_Data supplied_
::::::::::
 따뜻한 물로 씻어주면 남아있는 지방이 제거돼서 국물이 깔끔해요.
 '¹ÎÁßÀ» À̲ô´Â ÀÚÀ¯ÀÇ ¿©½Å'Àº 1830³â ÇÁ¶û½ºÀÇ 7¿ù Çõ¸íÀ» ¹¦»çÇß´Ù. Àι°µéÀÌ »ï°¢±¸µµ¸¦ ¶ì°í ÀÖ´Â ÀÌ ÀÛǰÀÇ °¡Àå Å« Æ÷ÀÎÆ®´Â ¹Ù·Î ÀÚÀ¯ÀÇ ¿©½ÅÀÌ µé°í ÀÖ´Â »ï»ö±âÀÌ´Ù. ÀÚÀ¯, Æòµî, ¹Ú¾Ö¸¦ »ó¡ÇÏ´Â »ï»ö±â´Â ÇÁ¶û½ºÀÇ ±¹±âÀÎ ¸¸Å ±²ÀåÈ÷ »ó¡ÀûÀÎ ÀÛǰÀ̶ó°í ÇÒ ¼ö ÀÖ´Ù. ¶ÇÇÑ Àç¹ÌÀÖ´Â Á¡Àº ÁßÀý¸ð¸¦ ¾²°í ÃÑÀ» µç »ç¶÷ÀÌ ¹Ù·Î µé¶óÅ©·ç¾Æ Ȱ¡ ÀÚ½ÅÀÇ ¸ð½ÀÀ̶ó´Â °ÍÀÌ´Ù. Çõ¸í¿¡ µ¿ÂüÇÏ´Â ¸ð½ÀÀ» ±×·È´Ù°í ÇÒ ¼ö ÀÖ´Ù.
::::::::::
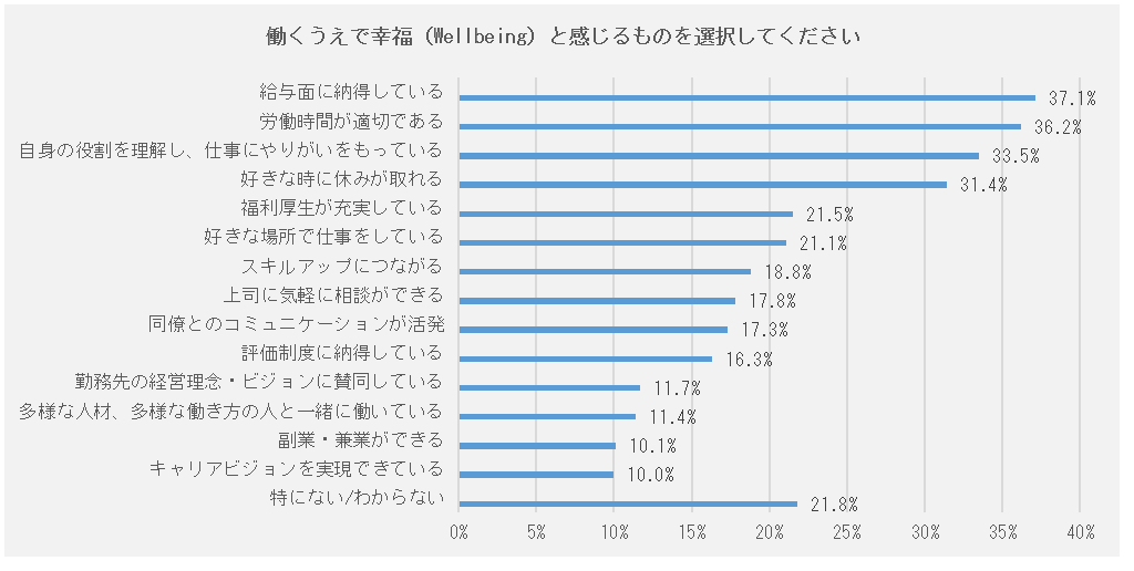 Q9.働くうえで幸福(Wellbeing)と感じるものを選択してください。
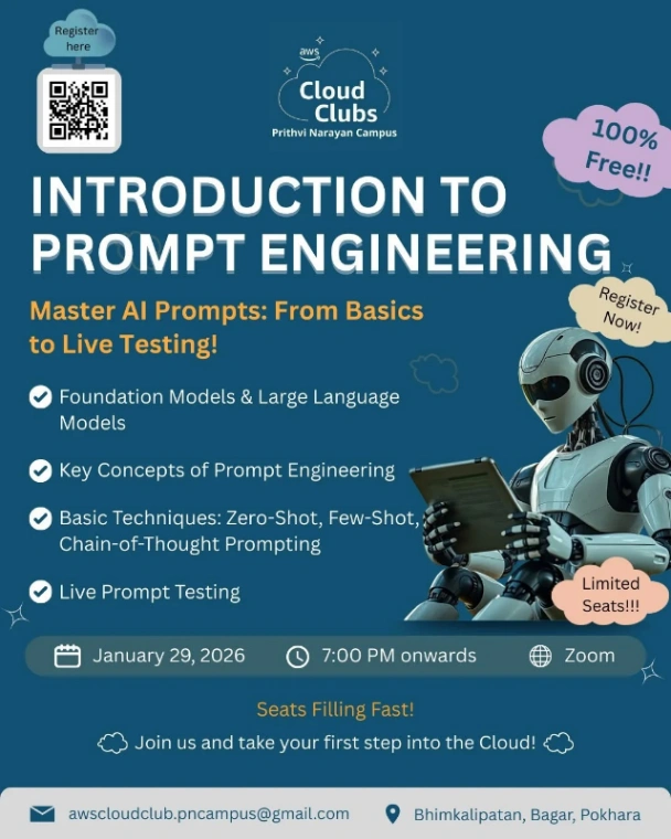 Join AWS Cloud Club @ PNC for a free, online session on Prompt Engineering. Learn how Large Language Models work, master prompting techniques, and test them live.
::::::::::
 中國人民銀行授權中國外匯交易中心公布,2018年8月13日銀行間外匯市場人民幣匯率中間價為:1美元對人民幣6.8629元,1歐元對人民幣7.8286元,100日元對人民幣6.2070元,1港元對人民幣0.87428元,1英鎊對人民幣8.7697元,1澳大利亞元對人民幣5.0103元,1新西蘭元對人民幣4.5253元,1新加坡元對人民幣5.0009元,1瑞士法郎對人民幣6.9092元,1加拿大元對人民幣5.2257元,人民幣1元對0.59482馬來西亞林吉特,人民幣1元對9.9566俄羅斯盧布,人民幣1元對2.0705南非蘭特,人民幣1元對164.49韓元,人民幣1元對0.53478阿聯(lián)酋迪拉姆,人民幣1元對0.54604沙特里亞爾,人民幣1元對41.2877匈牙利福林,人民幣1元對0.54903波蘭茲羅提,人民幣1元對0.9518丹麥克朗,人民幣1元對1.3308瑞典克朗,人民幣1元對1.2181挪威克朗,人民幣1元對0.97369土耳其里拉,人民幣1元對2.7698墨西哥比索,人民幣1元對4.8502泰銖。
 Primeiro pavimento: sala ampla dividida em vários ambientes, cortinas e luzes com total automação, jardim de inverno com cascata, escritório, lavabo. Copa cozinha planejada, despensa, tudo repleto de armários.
::::::::::
_Work to be completed_
Beginning at the line that has "Q9.働くうえで幸福(Wellbeing)と感じるものを選択してください。" and ending at the line that has "Join AWS Cloud", restate the listing above word for word, pictures left out.

_Output of the task_
 Q9.働くうえで幸福(Wellbeing)と感じるものを選択してください。
 Join AWS Cloud Club @ PNC for a free, online session on Prompt Engineering. Learn how Large Language Models work, master prompting techniques, and test them live.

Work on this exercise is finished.